On March 1, 2010, the Medicare Payment Advisory Commission (MedPAC) issued its recommendations to Congress regarding Medicare provider payment updates for 2011. Among other things, MedPAC recommends:
- Increasing acute inpatient and outpatient prospective payment system reimbursement in 2011 by the projected rate of increase in the hospital market basket index (MBI), coupled with implementation of a quality incentive payment program. MedPAC also proposes an offset of up to 2 percentage points in 2011 through 2013 to recover payments attributable to hospital documentation and coding changes.
- Increasing payments for physician services in 2011 by 1.0%, and establishing a budget-neutral payment adjustment for primary care services billed under the physician fee schedule and furnished by primary-care-focused practitioners.
- Increasing ambulatory surgical center (ASC) rates by 0.6% and requiring ASCs to submit cost and quality data.
- Updating the end stage renal disease (ESRD) composite rate by the ESRD MBI increase minus a productivity growth adjustment (a net updated of approximately 0.7%).
- Updating hospice rates by the projected MBI for 2011, minus an adjustment for productivity gains (a net update of approximately 1.1%). MedPAC also reiterated a series of hospice recommendation from March 2009 addressing broader payment and policy reforms.
- Eliminating the 2011 payment update for skilled nursing facilities (SNFs) and adopting previous recommendations for reforms to SNF payments, including proposals to better account for nontherapy ancillary costs, update quality measures, and promote SNF reporting of more accurate diagnostic and service-use information.

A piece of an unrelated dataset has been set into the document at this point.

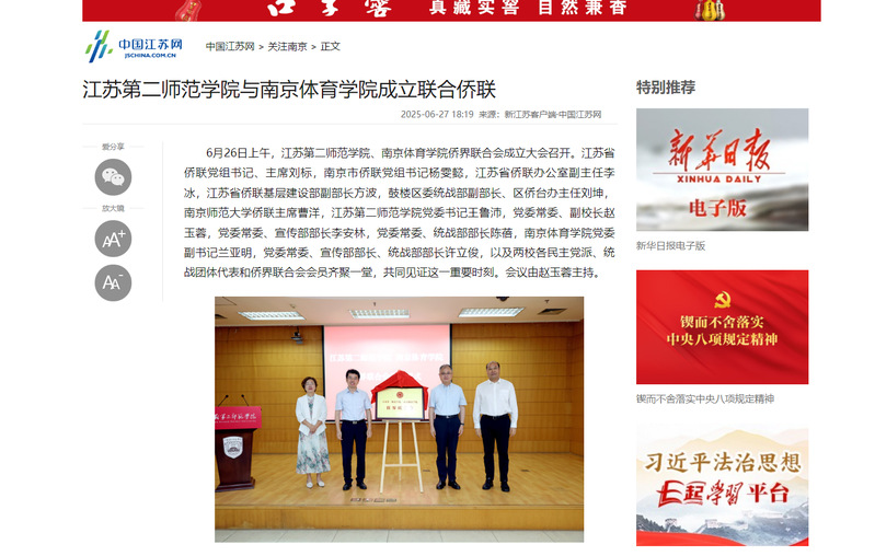 【中国江苏网】江苏第二师范学院与艾弗森贝博ballbet官网成立联合侨联

- Providing no inflation update for home health services in 2011, rebasing home health rates with provisions to protect quality of care, developing quality outcomes measures, and implementing certain program integrity safeguards.

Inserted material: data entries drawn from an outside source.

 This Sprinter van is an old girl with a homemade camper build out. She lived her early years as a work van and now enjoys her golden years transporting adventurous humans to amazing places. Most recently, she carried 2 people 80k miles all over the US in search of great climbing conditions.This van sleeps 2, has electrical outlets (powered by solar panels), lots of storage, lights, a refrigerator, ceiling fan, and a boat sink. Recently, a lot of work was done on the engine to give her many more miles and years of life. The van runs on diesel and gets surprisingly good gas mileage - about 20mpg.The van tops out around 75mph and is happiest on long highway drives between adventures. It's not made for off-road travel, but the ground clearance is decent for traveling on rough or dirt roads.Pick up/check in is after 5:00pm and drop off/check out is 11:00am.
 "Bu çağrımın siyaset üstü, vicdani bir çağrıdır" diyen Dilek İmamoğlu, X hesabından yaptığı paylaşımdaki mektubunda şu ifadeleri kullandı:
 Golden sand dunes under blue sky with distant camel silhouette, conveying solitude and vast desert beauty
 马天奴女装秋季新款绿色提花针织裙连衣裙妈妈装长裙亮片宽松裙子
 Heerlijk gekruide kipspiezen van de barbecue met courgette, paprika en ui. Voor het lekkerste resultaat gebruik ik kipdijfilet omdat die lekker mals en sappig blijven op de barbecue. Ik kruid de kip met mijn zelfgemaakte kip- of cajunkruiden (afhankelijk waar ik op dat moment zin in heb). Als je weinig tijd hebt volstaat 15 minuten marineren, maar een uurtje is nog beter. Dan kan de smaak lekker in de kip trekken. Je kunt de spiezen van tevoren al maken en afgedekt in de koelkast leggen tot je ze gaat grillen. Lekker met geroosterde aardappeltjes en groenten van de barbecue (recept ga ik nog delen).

- Eliminating the payment update in 2011 for inpatient rehabilitation facilities and long-term care hospitals.
The MedPAC report also reviews the status of MA plans and Part D prescription drug plans, and it provides recommendations on comparing quality among MA plans and between MA and fee-for-service providers. Note that while MedPAC’s recommendations are not binding, policymakers often consider MedPAC’s assessments when updating Medicare payment policies.